A critical rating indicates that there are no effective countermeasures currently in place and all
known adversaries would be capable of exploiting the asset.

25
Q

High Vulnerability

A

A high rating indicates that, although there are some countermeasures in place, there are still
multiple weaknesses through which many adversaries would be capable of exploiting the asset.

26
Q

Medium Vulnerability

A

A medium rating indicates that there are effective countermeasures in place; however, one
weakness does exist which some known adversaries would be capable of exploiting.

27
Q

Low Vulnerability

A

A low rating indicates that multiple layers of effective countermeasures exist and few or no
known adversaries would be capable of exploiting the asset.

28
Q

Risk =

A

Impact x (Threat x Vulnerability) or (R = I [T x V])

29
Q

Critical Risk

A

A critical rating indicates that compromise to the assets targeted would have grave consequences
leading to loss of life, serious injury, or mission failure.

30
Q

High Risk

A

A high rating indicates that a compromise to assets would have serious consequences resulting in
loss of classified or highly sensitive data that could impair operations affecting national interests
for a limited period of time.

31
Q

Medium Risk

A

A medium rating indicates that a compromise to the assets would have moderate consequences
resulting in loss of confidential, sensitive data or costly equipment/property that would impair
operations affecting national interests for a limited period of time.

32
Q

Low Risk

A

A low rating indicates that there would be little or no impact on human life or the continuation of
operations affecting national security or national interests.

33
Q

Acceptable Risk

A

An asset’s acceptable risk cannot be determined by a formula.
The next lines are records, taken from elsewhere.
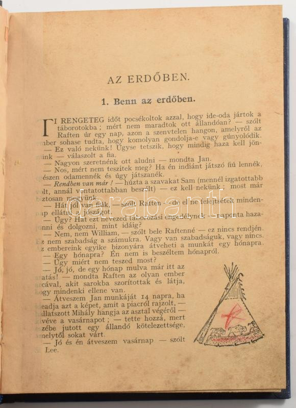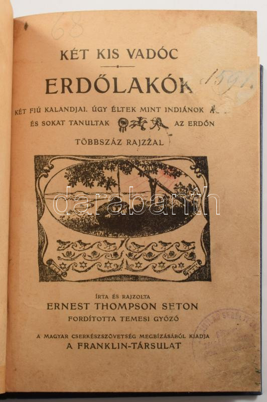 Ernest Thompson Seton: Két kis vadóc. Két fiú kalandjai. Úgy éltek, mint indiánok és sokat tanultak az erdőn. Írta és rajzolta: - - . Ford.: Temesi Győző. A Magyar Cserkésszövetség megbízásából kiadja a Franklin Társulat. Bp.,[1931.], Franklin, 126+1 p.+12 t. Szövegközti és egészoldalas illusztrációkkal. Újrakötött félvászon kötés, viseltes állapotban.
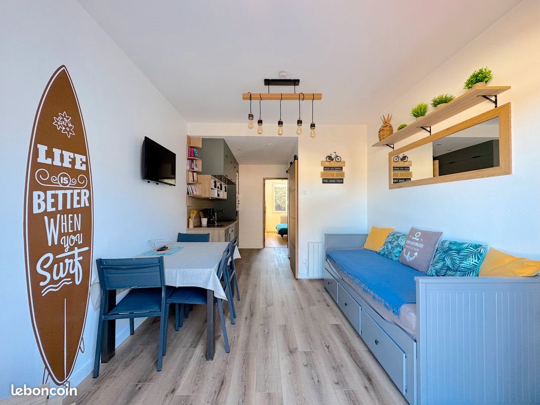 Bonjour, nous louons notre appartement meublé pour l’année complète 2026, entièrement refait à neuf en 2025. Il est situé au premier étage d’une petite résidence située à Talmont-Saint-Hilaire, secteur Port Bourgenay, avec la plage du Veillon à 400 m. Idéal pour les amoureux de la nature, du surf ou du kite. Il comprend une pièce de vie exposée sud, avec une baie à galandage donnant accès à une terrasse partagée. Une cuisine aménagée et équipée, ouverte sur l’espace de vie. Une salle d’eau avec vasque, douche et Wc, ainsi qu’une chambre avec placard. Place de parking privative et résidence très calme. Loyer : 740 € hors charges. Estimatif des coûts annuels d'énergie entre 640€et 910€ par an. Pri moyens des énergies indexés au 1er janvier 2021
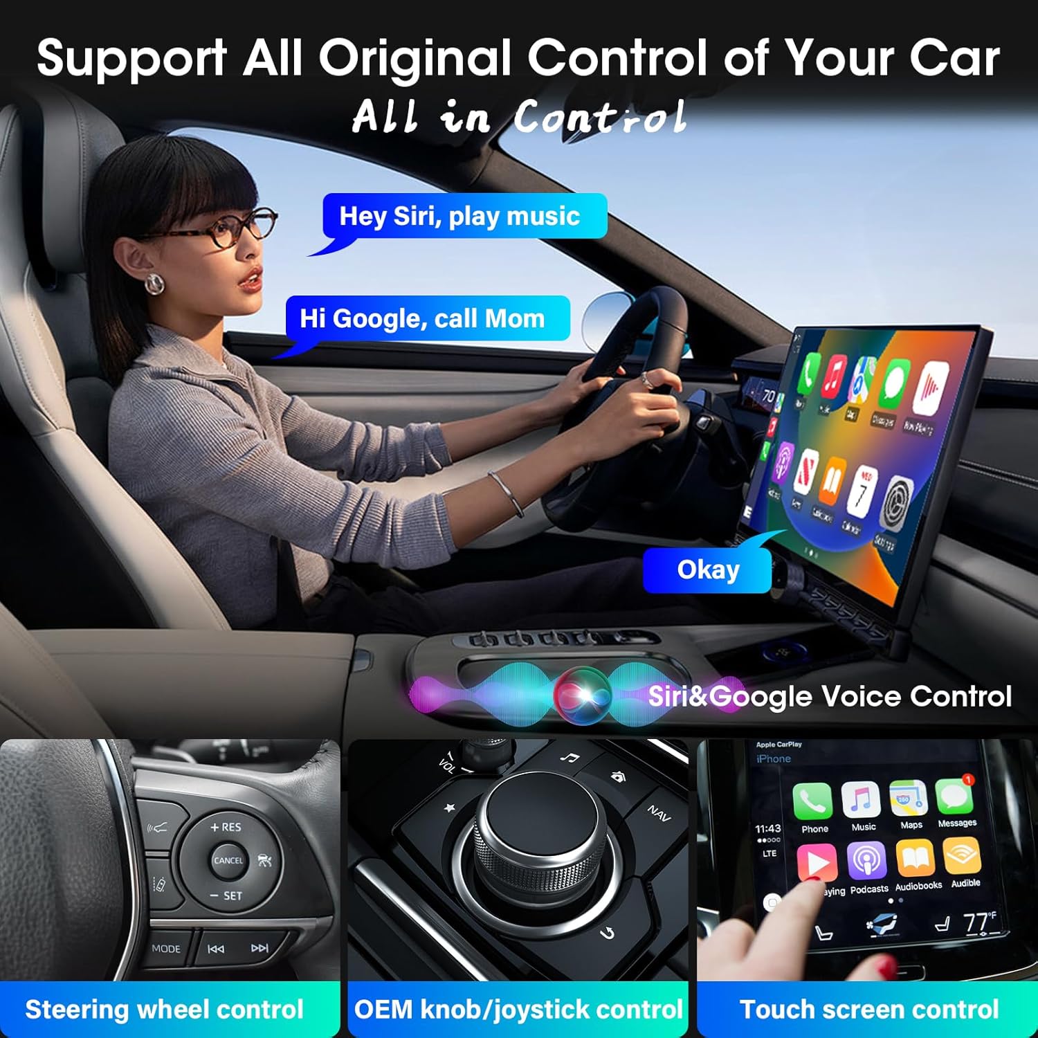 • ✅ Підтримка: бездротовий CarPlay і Android Auto

Acceptable risk varies with time,
circumstances, and management’s attitude toward risk in the organizational environment. The
asset sponsors or owners have the responsibility of deciding what constitutes an acceptable level
of risk for their assets.

34
Q

The costs of implementing countermeasures must be considered relative to:

A

Dollars: When determining the dollar cost of a countermeasure, consider the purchase price and
the life-cycle maintenance costs (e.g., installation, preventive maintenance, repair/warranty,
replacement, and training).
Inconvenience: When determining the cost of a countermeasure in terms of inconvenience,
consider whether the inconvenience caused is offset by the measure of risk reduction gained. If a
countermeasure is inconvenient, people will find a way to circumvent it.
Personnel: When determining the cost of a countermeasure in terms of the personnel required
for its implementation, consider the number of personnel needed to manage the countermeasure
as well as the skills, knowledge, and abilities of the personnel involved. Additionally, personnel
training needs/costs must be considered.
Time: When determining the cost of a countermeasure in terms of time, include the time to
implement or oversee the countermeasure and the time to prepare for its implementation, as well
as any time required for follow-up and evaluation.
Other: When determining the cost of a countermeasure in terms of any other influences,
consider the adverse publicity, political repercussions, reduced operational efficiency, and
unfavorable working conditions resulting from its implementation.